#### [Requirement]
Below are entries with pictures in them. Output exactly the lines starting at the line with "Get a touch" and ending at the line with "Naturehike挪客军野", both included, but not the pictures.

#### [Stored data]
· · · · · · ·

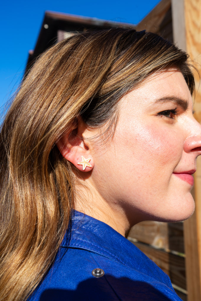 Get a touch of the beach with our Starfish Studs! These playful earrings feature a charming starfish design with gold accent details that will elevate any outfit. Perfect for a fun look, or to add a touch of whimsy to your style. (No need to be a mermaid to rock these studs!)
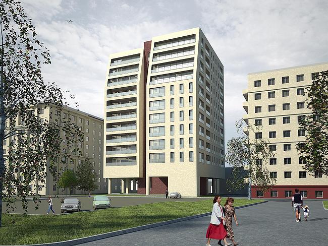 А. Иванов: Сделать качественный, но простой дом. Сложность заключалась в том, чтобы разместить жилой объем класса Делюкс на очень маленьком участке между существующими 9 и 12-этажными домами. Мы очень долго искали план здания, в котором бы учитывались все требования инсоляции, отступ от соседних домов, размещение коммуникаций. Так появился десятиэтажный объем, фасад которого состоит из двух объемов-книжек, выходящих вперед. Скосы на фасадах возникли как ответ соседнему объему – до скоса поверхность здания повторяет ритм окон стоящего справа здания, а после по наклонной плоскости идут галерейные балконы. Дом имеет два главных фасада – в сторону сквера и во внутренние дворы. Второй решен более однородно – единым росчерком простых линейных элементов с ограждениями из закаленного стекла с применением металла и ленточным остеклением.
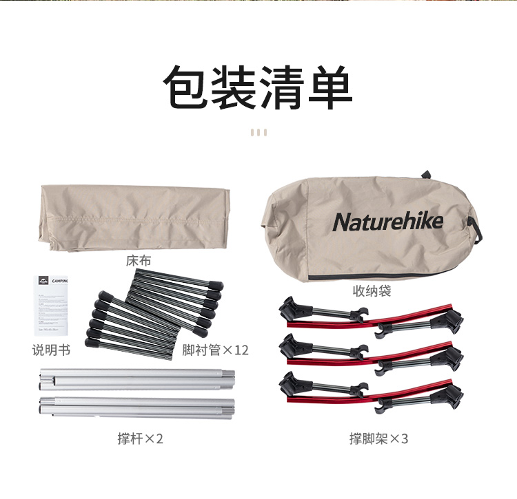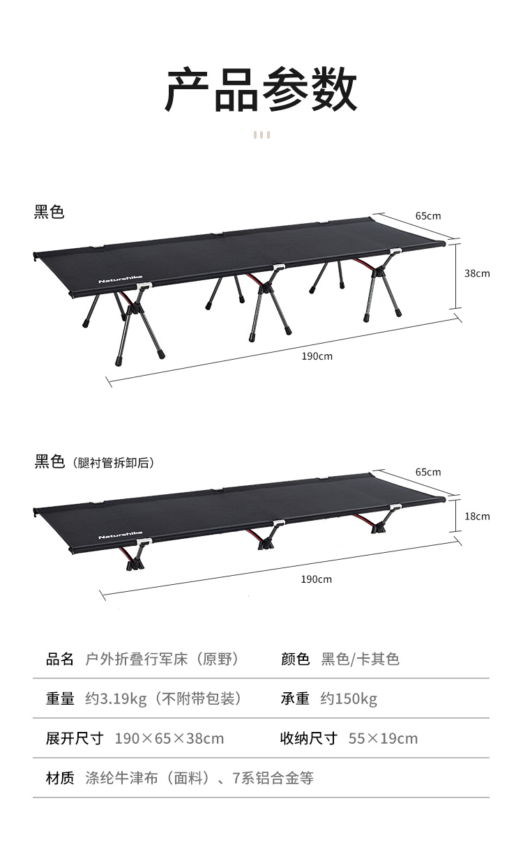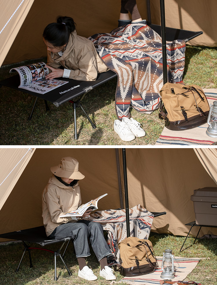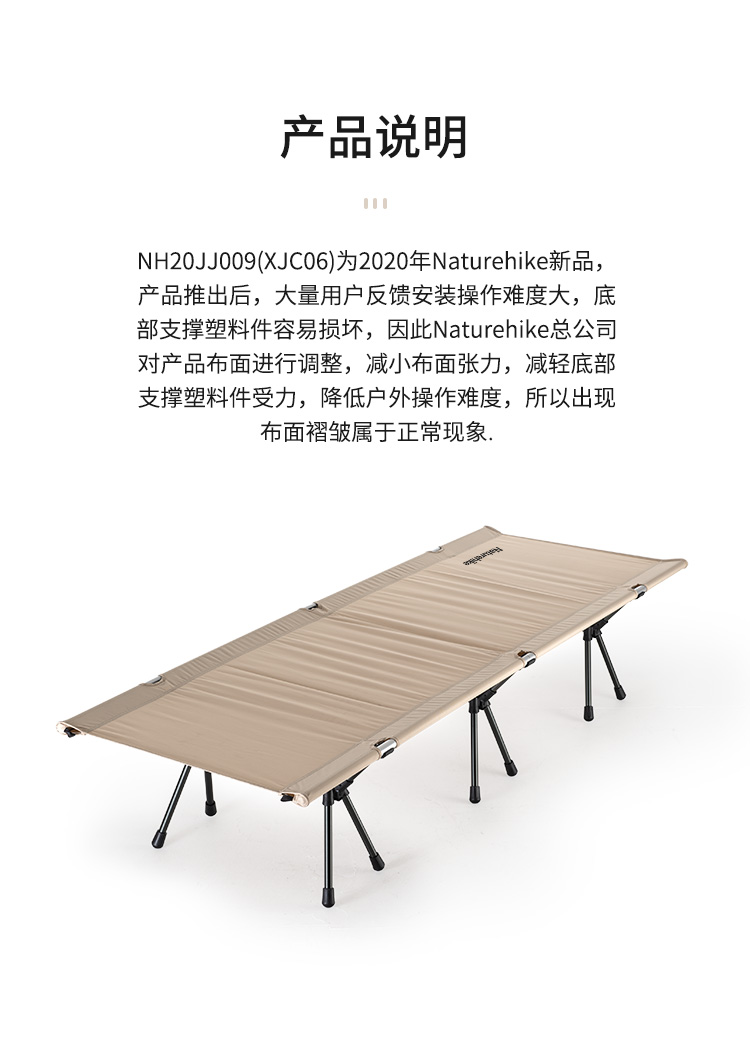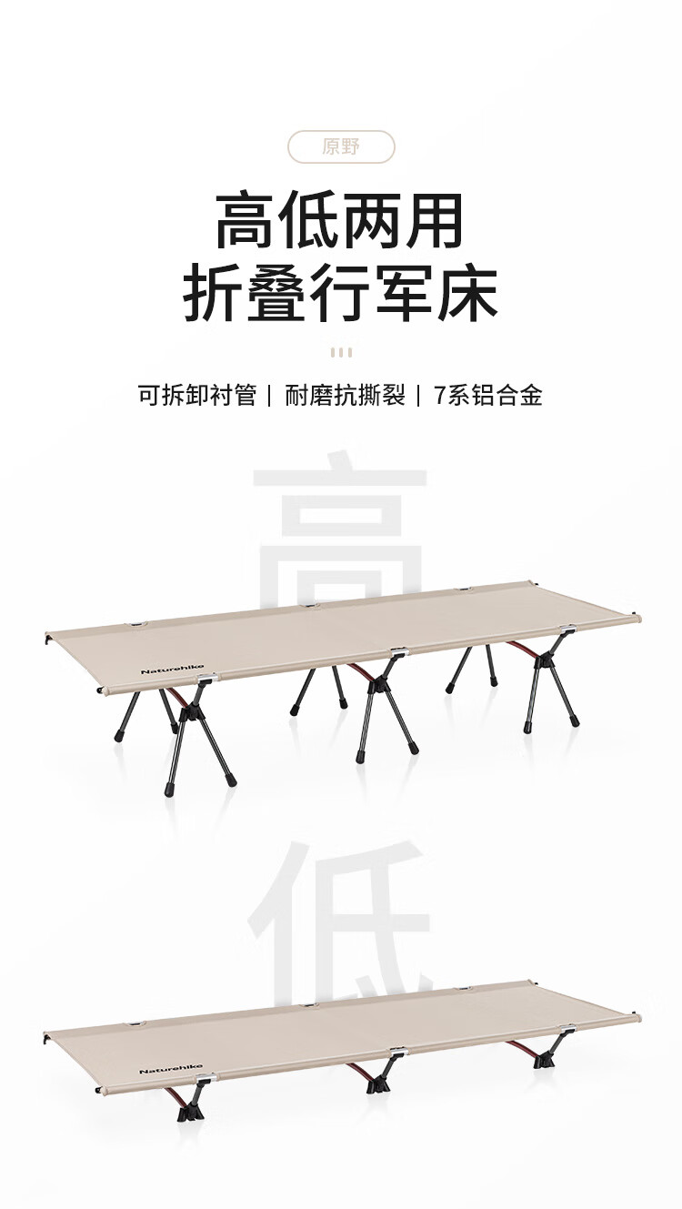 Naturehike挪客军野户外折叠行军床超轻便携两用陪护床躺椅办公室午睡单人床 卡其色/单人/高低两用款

· · · · · · ·

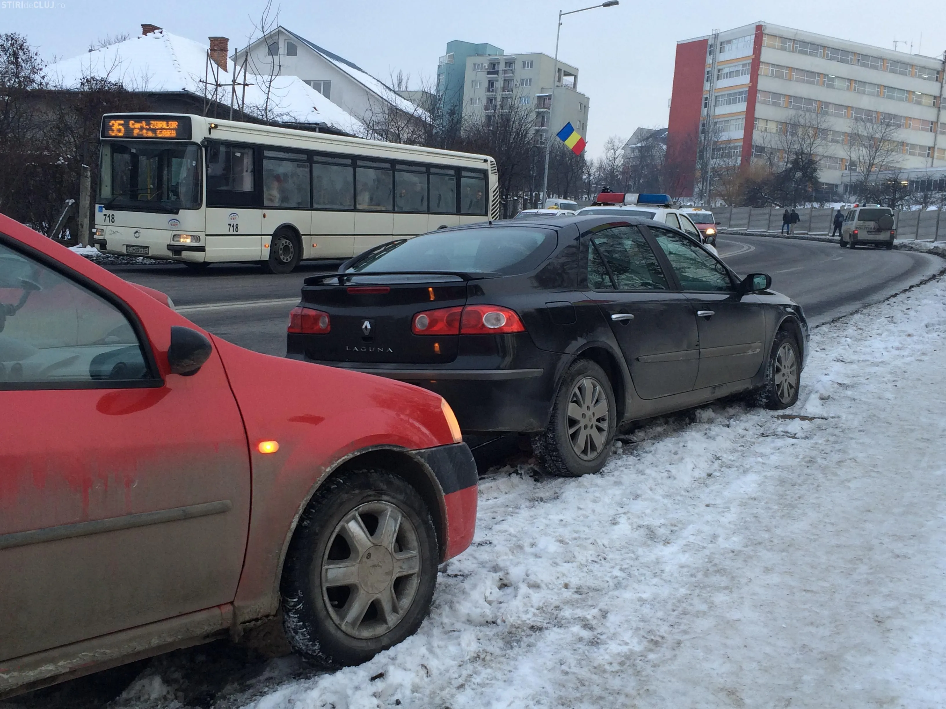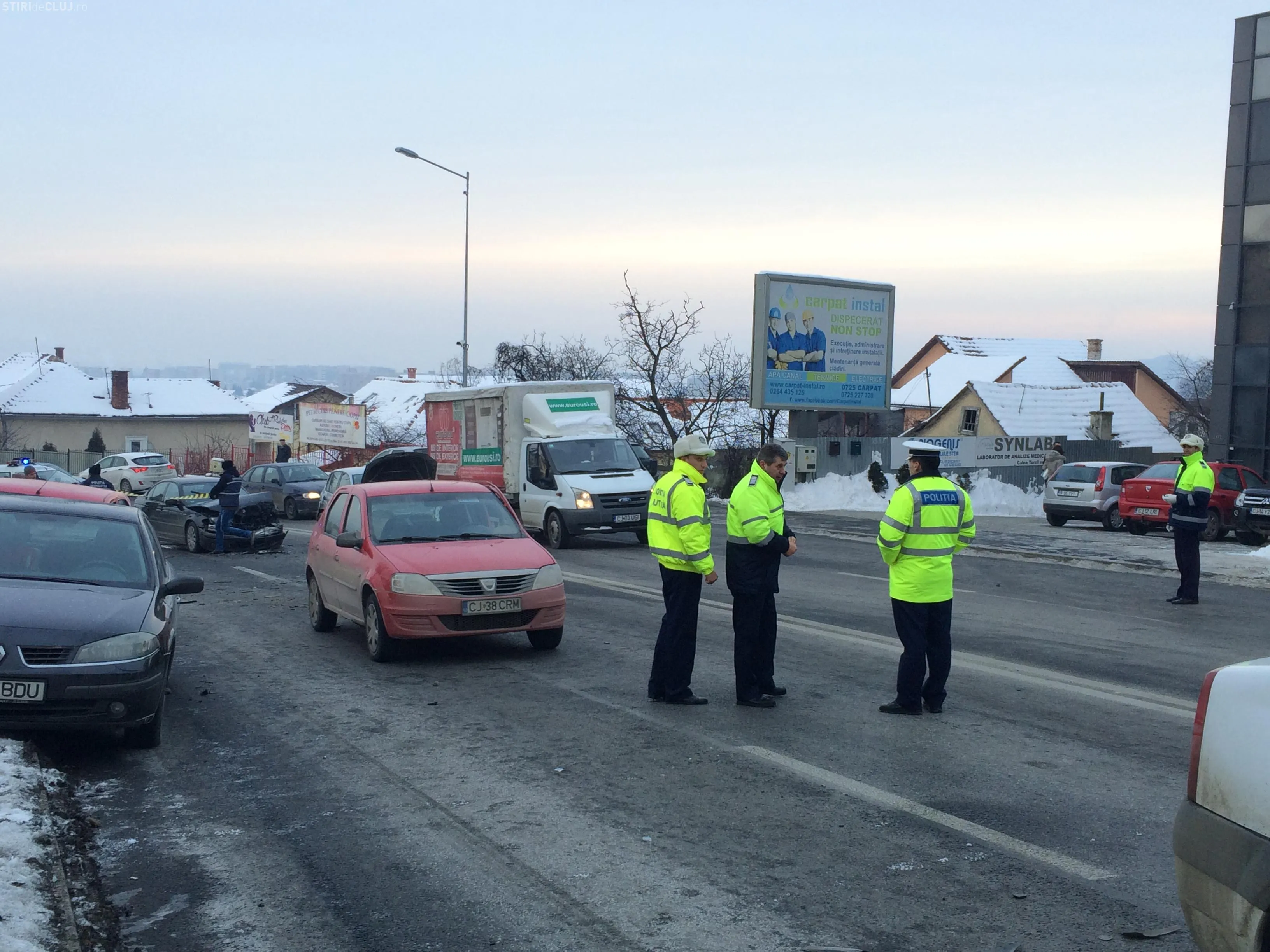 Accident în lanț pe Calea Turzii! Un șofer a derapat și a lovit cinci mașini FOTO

· · · · · · ·

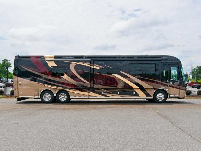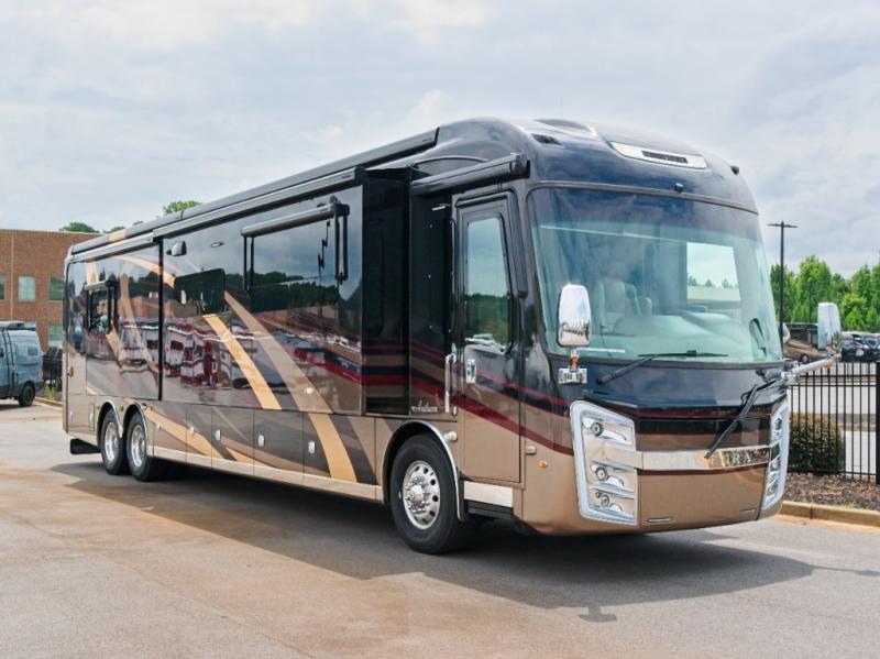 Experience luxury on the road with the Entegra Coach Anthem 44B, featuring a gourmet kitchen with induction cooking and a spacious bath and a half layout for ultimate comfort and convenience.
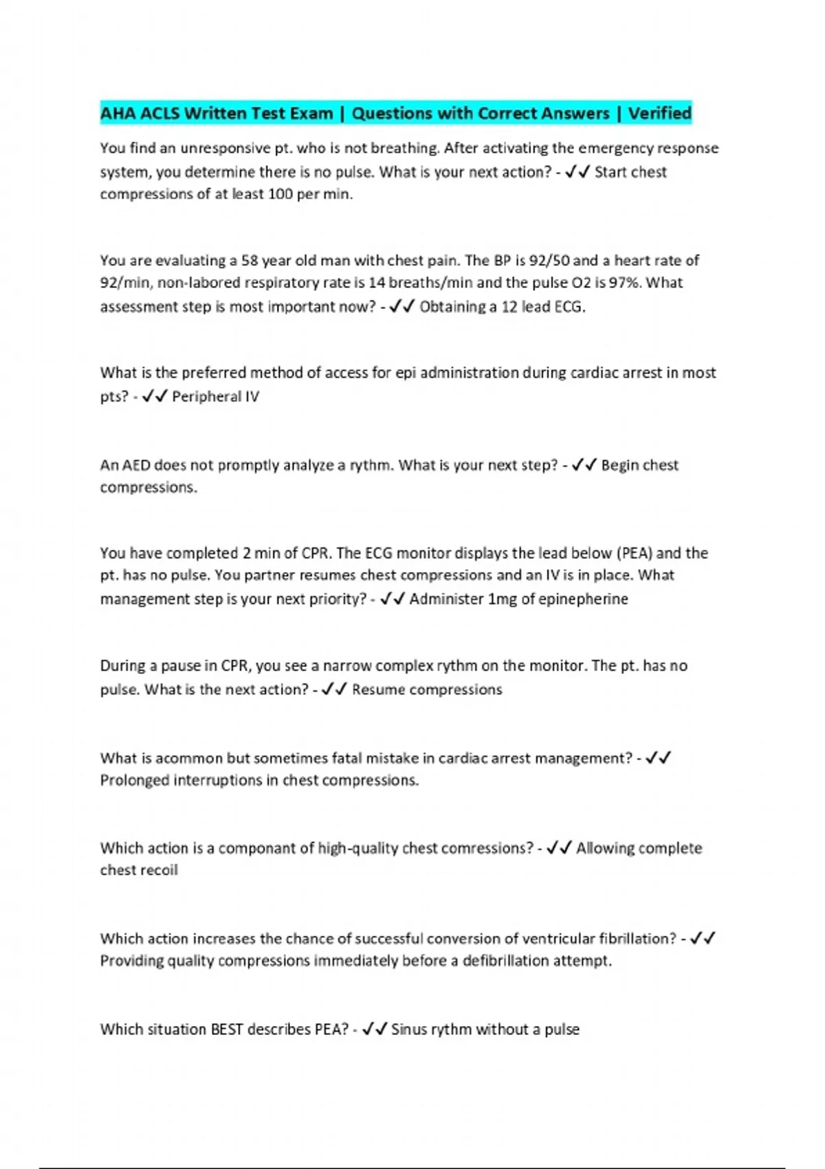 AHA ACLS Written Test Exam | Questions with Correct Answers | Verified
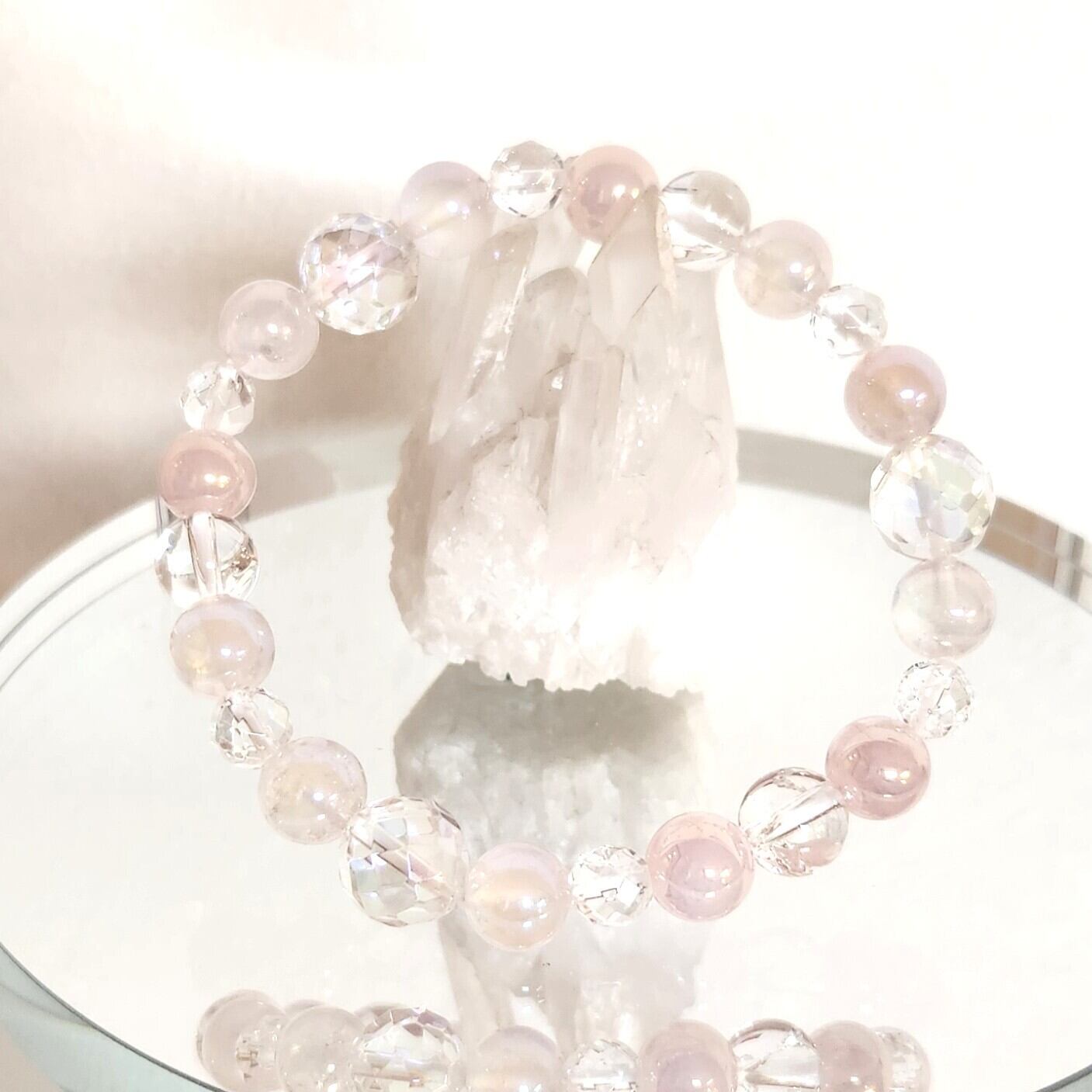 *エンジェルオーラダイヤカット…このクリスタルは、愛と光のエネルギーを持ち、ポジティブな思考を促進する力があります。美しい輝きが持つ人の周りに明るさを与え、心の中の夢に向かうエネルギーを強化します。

· · · · · · ·

#### [Written answer]
 Get a touch of the beach with our Starfish Studs! These playful earrings feature a charming starfish design with gold accent details that will elevate any outfit. Perfect for a fun look, or to add a touch of whimsy to your style. (No need to be a mermaid to rock these studs!)
 А. Иванов: Сделать качественный, но простой дом. Сложность заключалась в том, чтобы разместить жилой объем класса Делюкс на очень маленьком участке между существующими 9 и 12-этажными домами. Мы очень долго искали план здания, в котором бы учитывались все требования инсоляции, отступ от соседних домов, размещение коммуникаций. Так появился десятиэтажный объем, фасад которого состоит из двух объемов-книжек, выходящих вперед. Скосы на фасадах возникли как ответ соседнему объему – до скоса поверхность здания повторяет ритм окон стоящего справа здания, а после по наклонной плоскости идут галерейные балконы. Дом имеет два главных фасада – в сторону сквера и во внутренние дворы. Второй решен более однородно – единым росчерком простых линейных элементов с ограждениями из закаленного стекла с применением металла и ленточным остеклением.
 Naturehike挪客军野户外折叠行军床超轻便携两用陪护床躺椅办公室午睡单人床 卡其色/单人/高低两用款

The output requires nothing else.